Anche per Anna Fusco, attrice e modella, il passaggio dell’Agenda della Disabilità alla Camera, rappresenta un segnale forte: significa che la società sta finalmente ascoltando e che l’attivismo sta portando a un dialogo allargato, utile a ridurre la categorizzazione.

Sul piano sportivo, Fusco loda l’unicità della Roma ProAbile, un’attività che definisce bellissima perché non categorizza, augurandosi che nascano molte altre realtà simili in cui praticare uno sport “tutti uguali, tutti insieme“. Il suo impegno nel cinema si muove sulla stessa lunghezza d’onda, mirato a dare a chiunque la possibilità di raggiungere i propri sogni senza limiti. 

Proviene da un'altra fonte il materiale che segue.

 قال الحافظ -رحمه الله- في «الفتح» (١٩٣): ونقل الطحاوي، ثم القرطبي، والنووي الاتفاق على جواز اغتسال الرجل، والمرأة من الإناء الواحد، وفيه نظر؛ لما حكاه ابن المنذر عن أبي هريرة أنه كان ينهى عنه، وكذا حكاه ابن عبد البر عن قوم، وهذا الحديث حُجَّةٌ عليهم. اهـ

Ai giovani che temono di approcciarsi allo spettacolo o allo sport a causa di una disabilità, l’attrice consiglia di non mollare mai e di spingere sul dialogo: «La comunicazione, il dialogo è importante tra una persona che non vive la mia caratteristica e una persona che la vive. È importante conoscersi e capire che si può arrivare insieme da qualche parte».

C’è però un punto cruciale che l’attrice tiene a sottolineare, prima del fischio iniziale della Partita del Cuore PRO: la necessità di avere figure tecniche preparate. Ricordando i suoi anni passati a fare nuoto, racconta con ironia di come nessuno fosse in grado di indirizzarla correttamente per evitare che, non avendo una mano, deviasse continuamente da una parte. La svolta è arrivata solo grazie alla Federazione Paralimpica: «Ho trovato persone veramente specializzate e a conoscenza della situazione, così mi hanno insegnato ad andare dritta. Se ci fosse più conoscenza in generale delle nostre caratteristiche fisiche, anche da parte degli istruttori, lo sport diventerebbe sempre più aperto e accessibile a tutti».

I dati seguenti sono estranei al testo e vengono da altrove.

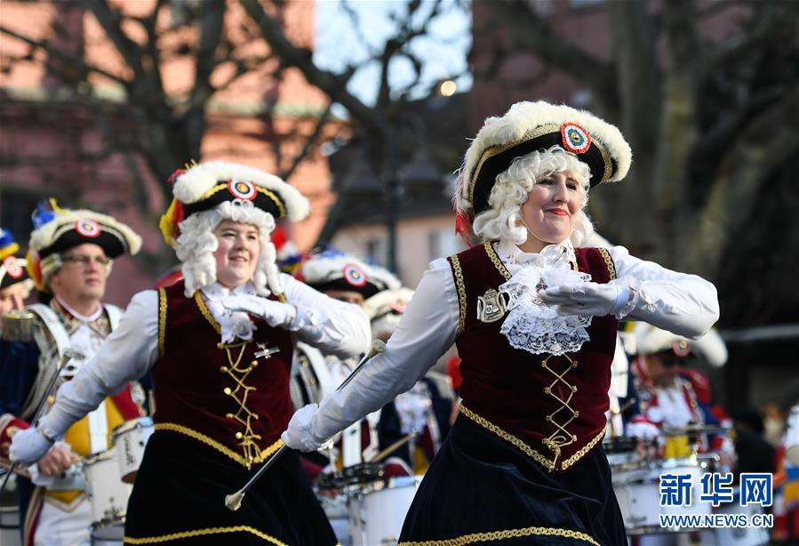 1月1日,在德國(guó)美因茨,人們參加新年游行活動(dòng)。新華社記者逯陽(yáng)攝

Anna Fusco, protagonista della partita del Cuore Pro
Anna Fusco, protagonista della partita del Cuore Pro

Mettersi nei panni dell’altro: l’emozione di Raffaele Capperi

A chiudere il cerchio è Raffaele Capperi, che porta il punto di vista di chi quel campo lo ha vissuto con intensità e un pizzico di sana competizione. La partita si è conclusa con un pareggio, ma l’attivista ci tiene a ricordare che, in contesti simili, l’unica cosa che conta davvero è divertirsi.

Per Capperi la giornata è stata speciale proprio perché capace di unire lo sport e l’inclusione sociale sotto un unico grande obiettivo: dare a tutti l’opportunità di fare attività fisica. Ma l’aspetto che lo ha colpito di più, sul piano personale ed empatico, è stato un altro: «È stato molto bello il fatto di aver provato anche le stampelle, cioè quello di immedesimarsi nei panni di chi vive la vita in gamba, perché noi siamo bi-gambe, come diceva Arturo».

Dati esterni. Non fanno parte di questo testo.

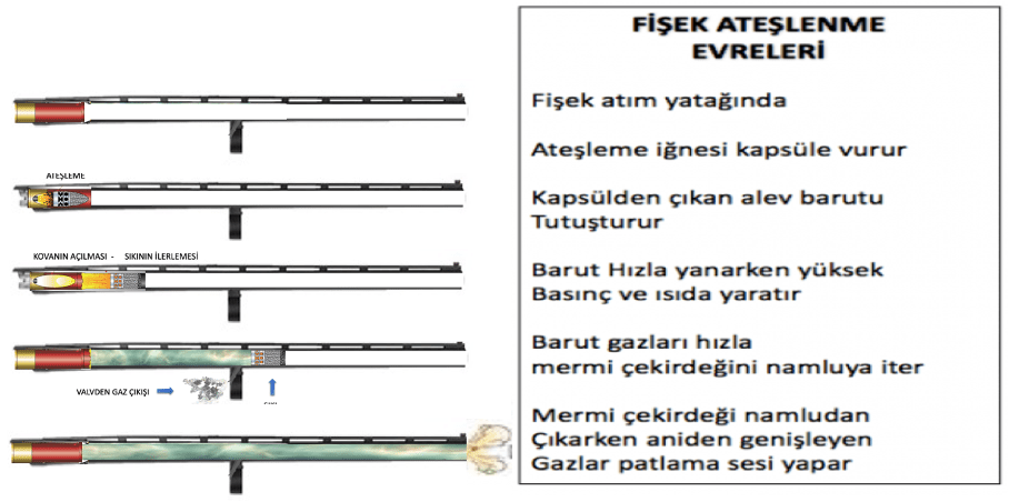 Tetik çekilip, horozun iğneye vurması, iğnenin kapsüle çarpması, kapsüldeki basınca duyarlı kimyasalın (fulminat, bkz kapsül) ateşlenmesi ile sonuçlanır. Kapsülden çıkan alev barutu ateşler. Barutun hızla yanması ile yüksek basınçlı gazlar oluşur. Barutun yanması genellikle saniyenin binde 1-2 si kadar bir sürede olur.

Giocare con le stampelle non è affatto semplice, confessa Capperi, ma l’esperimento ha avuto un valore sociale immenso. Poter sperimentare direttamente la realtà altrui e riuscire a immedesimarsi nell’altro è, a tutti gli effetti, il nucleo più profondo del concetto di inclusione.

Dalla sinergia tra queste tre testimonianze emerge il vero bilancio della Partita del Cuore Pro. Non si è trattato soltanto di un evento sportivo o di una vetrina di solidarietà, ma di un laboratorio culturale a cielo aperto. Abbattere i cliché significa questo: smettere di guardare alla disabilità con gli occhi del pregiudizio o della straordinarietà, per iniziare a guardarla attraverso la lente della normalità, del diritto allo sport e, soprattutto, della dignità della persona.